:: YOUR INSTRUCTIONS ::
Go through the listing below, and from the line containing "焊盘布局)以实现高精度开尔文检测。图 1 所示为用于确定五种不同布局所致误差的测试板。" through its last line, transcribe every line exactly, skipping pictures.

:: DATASET CONTENT ::

= Beginning of Section =

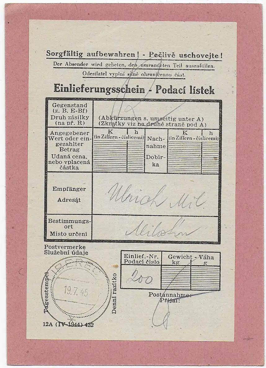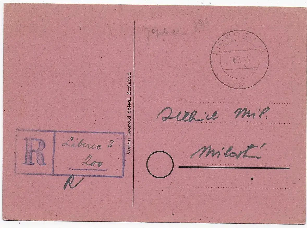 1945 Einschreiben Liberec : Deutscher B&M Einlieferungsschein verschickt
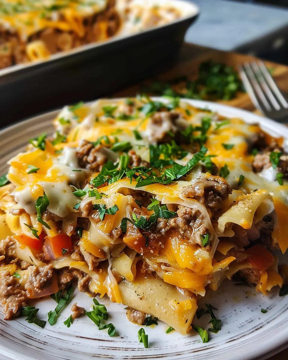 End with a generous sprinkle of shredded cheese on top. This is where the magic happens—when the cheese melts, it creates a gloriously cheesy crust that everyone will love. If you’re feeling adventurous, throw in some crushed crackers or breadcrumbs over the cheese for an extra crunch!
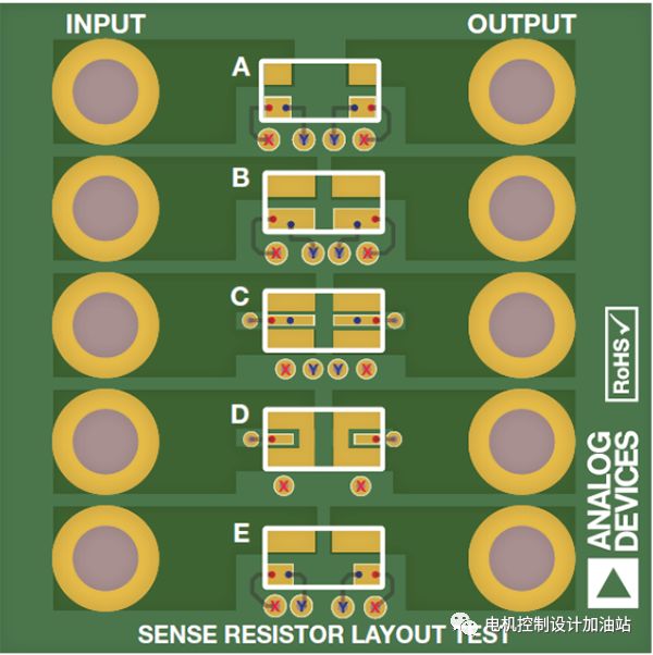 电流检测电阻有多种形状和尺寸可供选择,用于测量诸多汽车、功率控制和工业系统中的电流。使用极低值电阻(几 mΩ或以下)时,焊料的电阻将在检测元件电阻中占据很大比例,结果大幅增加测量误差。高精度应用通常使用 4 引脚电阻和开尔文检测技术以减少这种误差,但是这些专用电阻却可能十分昂贵。另外,在测量大电流时,电阻焊盘的尺寸和设计在确定检测精度方面起着关键作用。本文将描述一种替代方案,该方案采用一种标准的低成本双焊盘检测电阻(4 焊盘布局)以实现高精度开尔文检测。图 1 所示为用于确定五种不同布局所致误差的测试板。
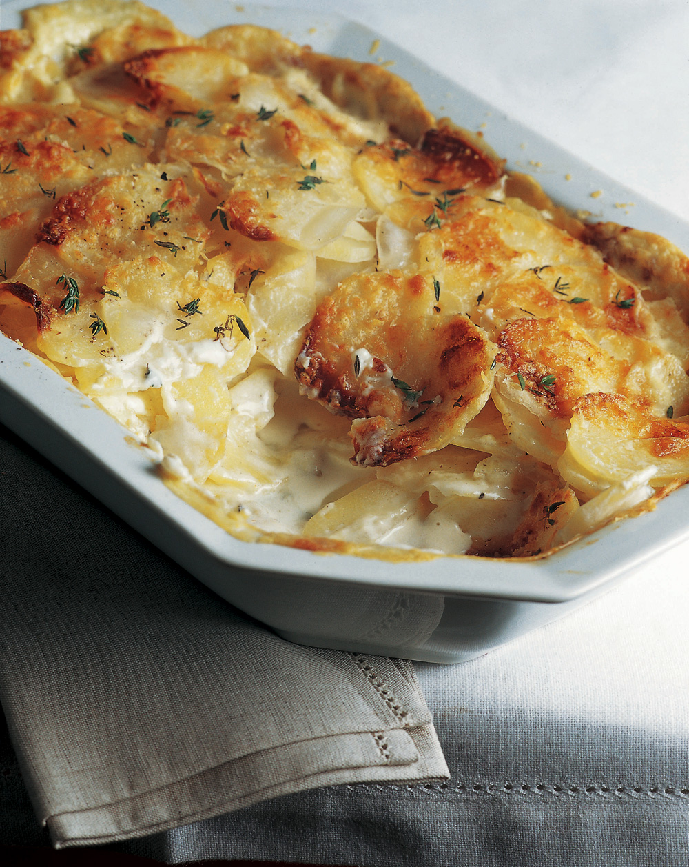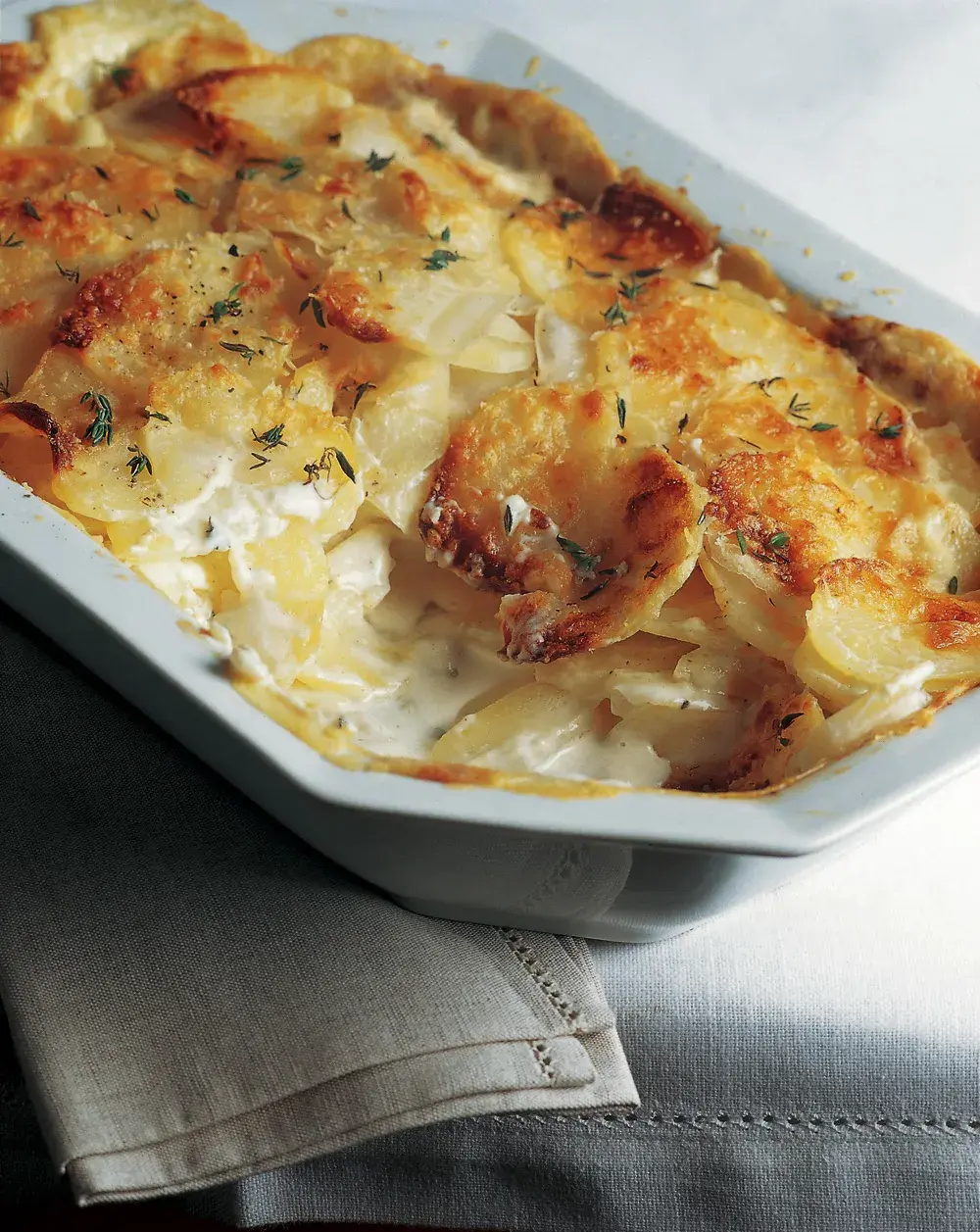 Zapečené brambory spojené hustou smetanovou omáčkou, vonící tymiánem a dotažené trochou pikantního parmazánu – tahle podoba ‚francouzských brambor‘ prostě nemá chybu. Recept na gratinované brambory se šalotkou a parmazánem je snad ten nejlepší, jaký jsme v poslední době připravovali. A rozhodně stojí za vyzkoušení – ať už jako příloha, nebo syté a bezmasé jídlo.

= End of Section =

:: ANSWER FOR THE TASK ::
 电流检测电阻有多种形状和尺寸可供选择,用于测量诸多汽车、功率控制和工业系统中的电流。使用极低值电阻(几 mΩ或以下)时,焊料的电阻将在检测元件电阻中占据很大比例,结果大幅增加测量误差。高精度应用通常使用 4 引脚电阻和开尔文检测技术以减少这种误差,但是这些专用电阻却可能十分昂贵。另外,在测量大电流时,电阻焊盘的尺寸和设计在确定检测精度方面起着关键作用。本文将描述一种替代方案,该方案采用一种标准的低成本双焊盘检测电阻(4 焊盘布局)以实现高精度开尔文检测。图 1 所示为用于确定五种不同布局所致误差的测试板。
 Zapečené brambory spojené hustou smetanovou omáčkou, vonící tymiánem a dotažené trochou pikantního parmazánu – tahle podoba ‚francouzských brambor‘ prostě nemá chybu. Recept na gratinované brambory se šalotkou a parmazánem je snad ten nejlepší, jaký jsme v poslední době připravovali. A rozhodně stojí za vyzkoušení – ať už jako příloha, nebo syté a bezmasé jídlo.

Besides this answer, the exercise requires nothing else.